> Supplied information
==================================================

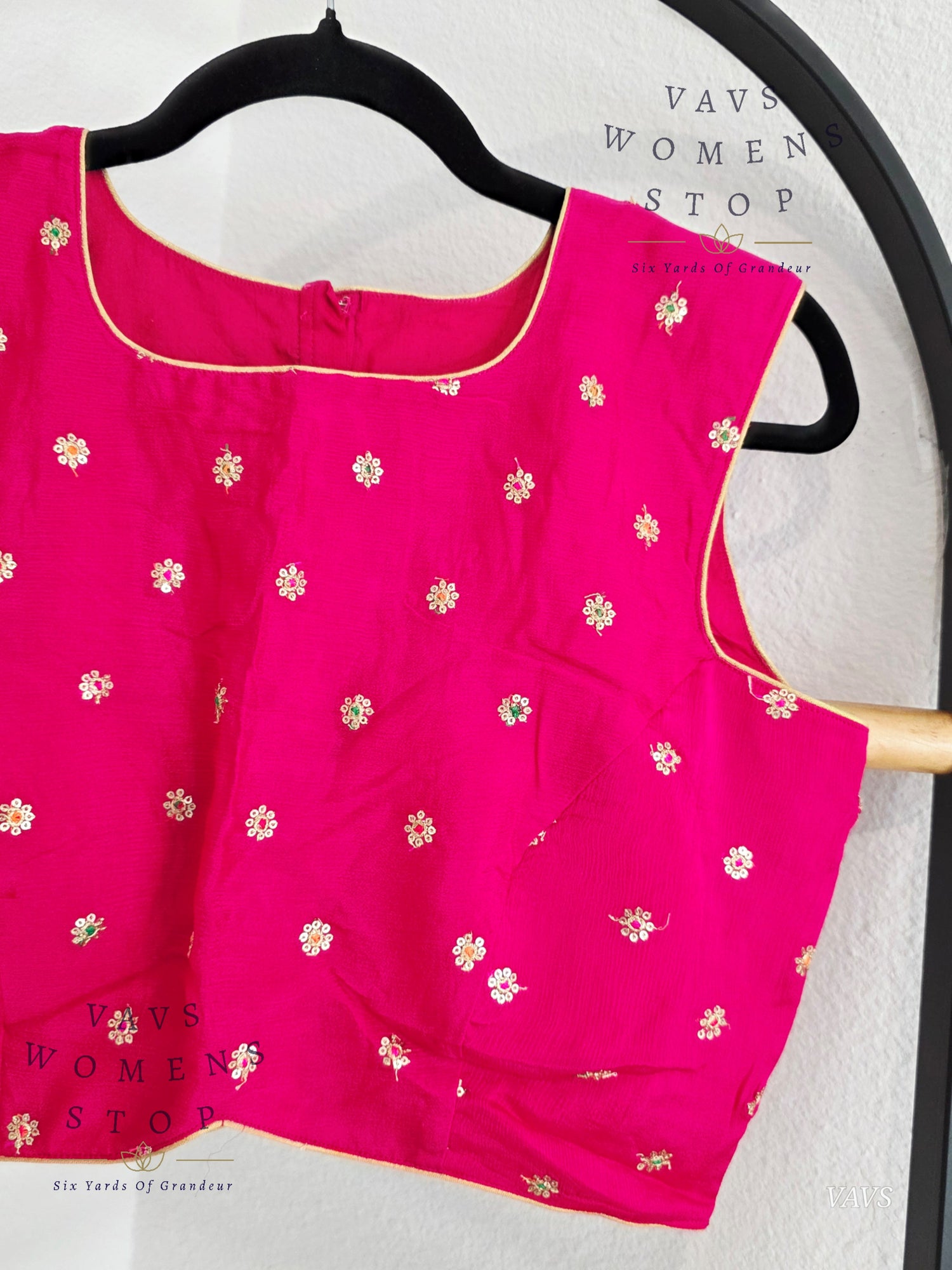 Fabric : Pink Chinon Chiffon Sleeveless Stitched Blouse
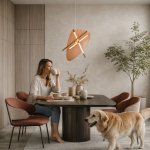 Szklany klosz w kształcie zbliżonym do tarczy zegara dobrze wyznacza strefę nad stolikiem kawowym. Światło skupia się na blacie, ułatwiając odkładanie książek, pilotów i napojów podczas wieczornego odpoczynku. Zwisająca forma sprawdza się także nad wąską konsolą w strefie wejściowej, gdzie potrzebne jest łagodne, ale wyraźne oświetlenie. Wysokość zawieszenia można dopasować do układu mebli, dzięki czemu lampa nie przesłania widoku w głąb pomieszczenia.
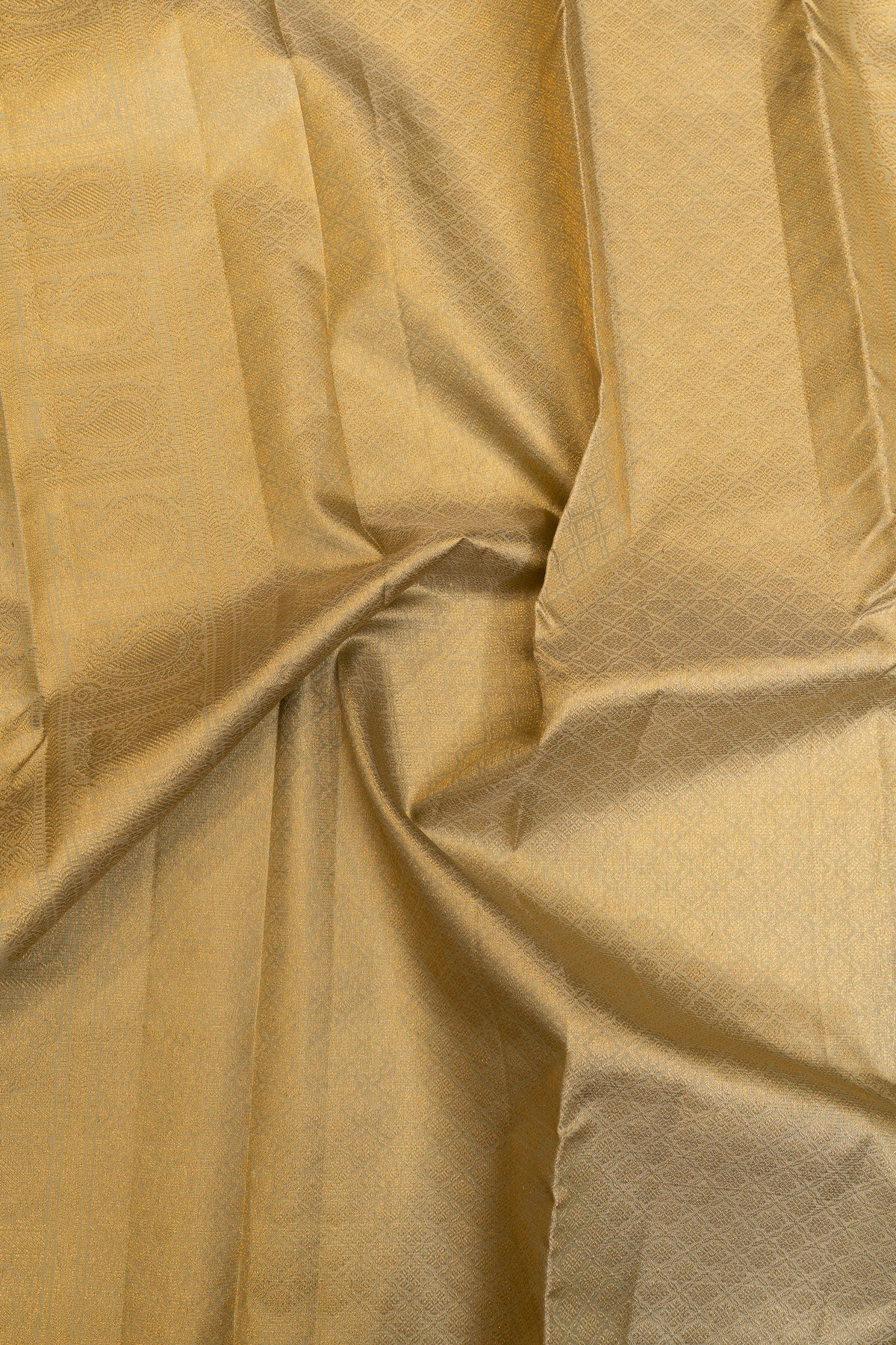 Embrace understated luxury with this exquisite tea green Vairaoosi pure Kanchipuram silk saree, a refined expression of South Indian textile heritage. The soft, muted tea green hue exudes calm sophistication, while the intricate Vairaoosi pattern adds delicate detailing that catches light with subtle brilliance. Crafted from authentic Kanchipuram silk, this saree offers the exceptional sheen, durability, and graceful drape that discerning connoisseurs cherish. The gentle color palette makes it remarkably versatile—equally suited for intimate gatherings, festive celebrations, and formal occasions. Handwoven by master artisans using time-honored techniques, each saree reflects meticulous attention to detail and unwavering commitment to quality. This distinguished piece transcends seasonal trends, becoming a timeless wardrobe staple that celebrates both heritage craftsmanship and contemporary elegance with effortless grace.

==================================================

> Exercise aim
Set the listing down again exactly, skipping each picture.

> Output for this task
 Fabric : Pink Chinon Chiffon Sleeveless Stitched Blouse
 Szklany klosz w kształcie zbliżonym do tarczy zegara dobrze wyznacza strefę nad stolikiem kawowym. Światło skupia się na blacie, ułatwiając odkładanie książek, pilotów i napojów podczas wieczornego odpoczynku. Zwisająca forma sprawdza się także nad wąską konsolą w strefie wejściowej, gdzie potrzebne jest łagodne, ale wyraźne oświetlenie. Wysokość zawieszenia można dopasować do układu mebli, dzięki czemu lampa nie przesłania widoku w głąb pomieszczenia.
 Embrace understated luxury with this exquisite tea green Vairaoosi pure Kanchipuram silk saree, a refined expression of South Indian textile heritage. The soft, muted tea green hue exudes calm sophistication, while the intricate Vairaoosi pattern adds delicate detailing that catches light with subtle brilliance. Crafted from authentic Kanchipuram silk, this saree offers the exceptional sheen, durability, and graceful drape that discerning connoisseurs cherish. The gentle color palette makes it remarkably versatile—equally suited for intimate gatherings, festive celebrations, and formal occasions. Handwoven by master artisans using time-honored techniques, each saree reflects meticulous attention to detail and unwavering commitment to quality. This distinguished piece transcends seasonal trends, becoming a timeless wardrobe staple that celebrates both heritage craftsmanship and contemporary elegance with effortless grace.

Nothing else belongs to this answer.